The Portland Beacon (TPB): Tell Portand who Randall “TEX” Lockwood is, and were you always TEX?
Randall “Tex” Lockwood (RTL): No, I started out as Randy LOL. I grew up in a small mid-Michigan town. Smaller than Portland. Ovid, Michigan is where I was raised. I lived there playing ball for the Marauders, hangin’ around town at Main Street Pizza, and playin’ guitar in high school rock bands. I went to Ferris State for four years and after college, I moved to Kalamazoo, where my future wife (whom I met IN OVID strangely enough) lived at the time as she was attending Western Michigan University. We then married and looked to start having children and for a good place to raise them back towards the home town. We found the beautiful countryside of Portland, and built our “nest” here.
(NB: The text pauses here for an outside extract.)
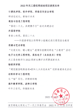 近日,91吃瓜 关心下一代工作委员会公布2022年关工委评优结果,91吃瓜 参赛项目《长“柚”同行,共铸南邮魂》获评优秀活动项目;学院特邀党建组织员倪静虹老师、关工委秘书陈骏老师获先进个人。

The TEX name didn’t come until later, on a college spring break trip to Texas, (that is ALL of the details I will give you lol) and the name just stuck with me. So now, years later, I had a friend say, as I was starting SGW, that I am now “Texas WILD”, and so then, I guess the Sauce Gone Wild company had its front man: Randall “TEXAS” Wild. Lol. It’s silly but, the name really helps people remember me when I am out workin’ at food shows or bars. But make no mistake, “Tex” is pretty much me- just ask my wife, two kids, or anyone who knows me… like it or not… it’s kinda who I really am lol.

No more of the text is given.